- Input for this task -
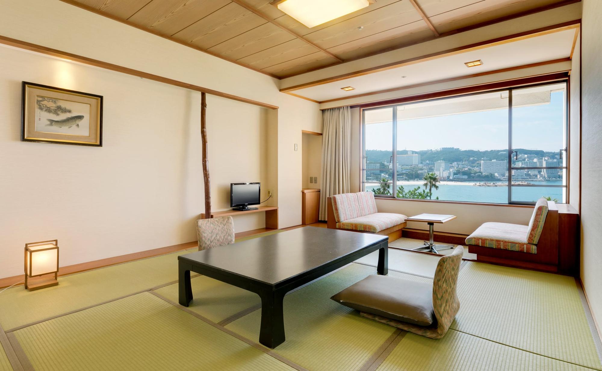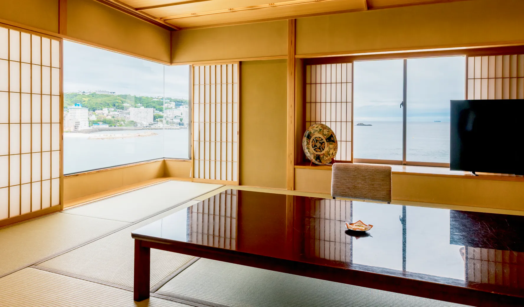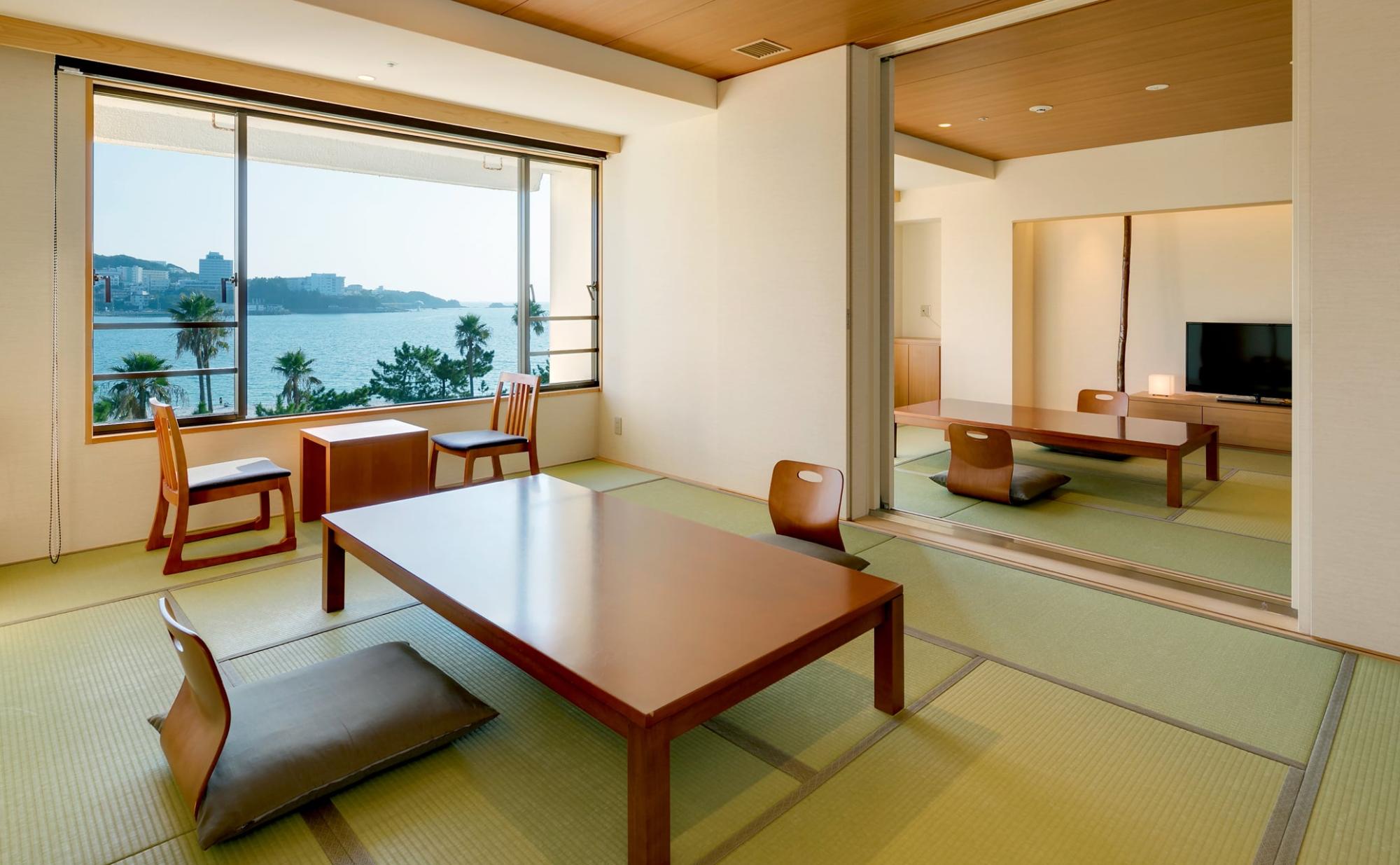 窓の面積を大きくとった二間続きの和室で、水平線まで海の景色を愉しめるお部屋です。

==

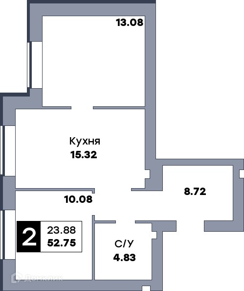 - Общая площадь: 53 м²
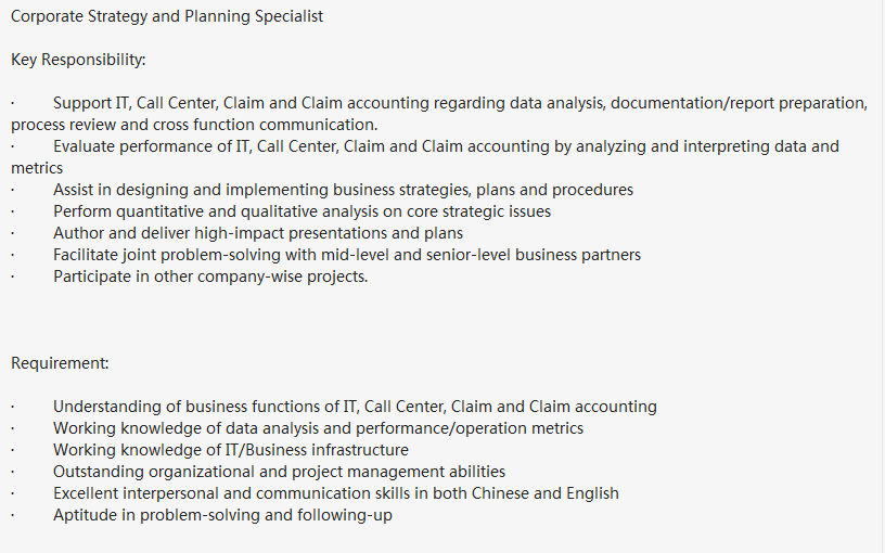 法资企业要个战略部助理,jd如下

* * *

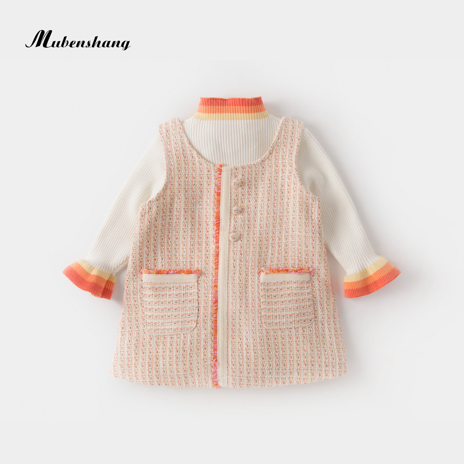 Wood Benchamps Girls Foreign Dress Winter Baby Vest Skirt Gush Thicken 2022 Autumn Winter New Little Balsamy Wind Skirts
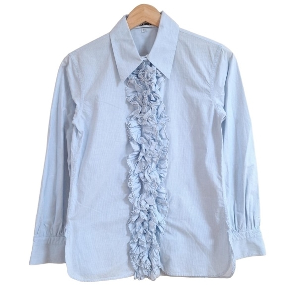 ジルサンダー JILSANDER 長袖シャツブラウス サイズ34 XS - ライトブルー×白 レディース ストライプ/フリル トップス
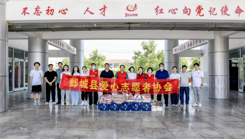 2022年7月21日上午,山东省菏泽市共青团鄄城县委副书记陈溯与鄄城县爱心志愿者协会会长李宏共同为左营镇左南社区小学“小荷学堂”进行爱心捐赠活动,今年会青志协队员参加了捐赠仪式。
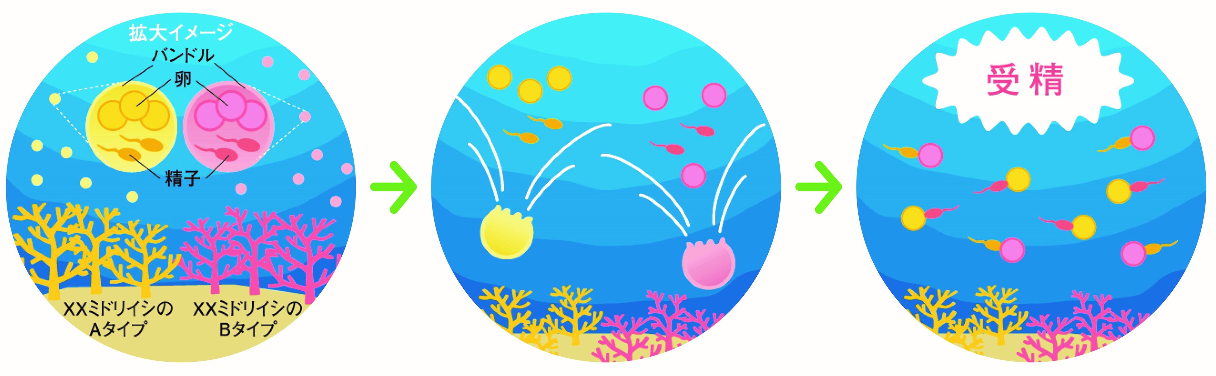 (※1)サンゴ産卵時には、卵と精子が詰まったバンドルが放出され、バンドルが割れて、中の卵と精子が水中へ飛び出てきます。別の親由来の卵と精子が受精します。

- Aim of the task -
Please repeat, exactly as written, the lines in the records above, starting with the one that has "ジルサンダー JILSANDER 長袖シャツブラウス" and going on through the one that has "(※1)サンゴ産卵時には、卵". Pictures are to be left out.

- Completed task -
 ジルサンダー JILSANDER 長袖シャツブラウス サイズ34 XS - ライトブルー×白 レディース ストライプ/フリル トップス
 2022年7月21日上午,山东省菏泽市共青团鄄城县委副书记陈溯与鄄城县爱心志愿者协会会长李宏共同为左营镇左南社区小学“小荷学堂”进行爱心捐赠活动,今年会青志协队员参加了捐赠仪式。
 (※1)サンゴ産卵時には、卵と精子が詰まったバンドルが放出され、バンドルが割れて、中の卵と精子が水中へ飛び出てきます。別の親由来の卵と精子が受精します。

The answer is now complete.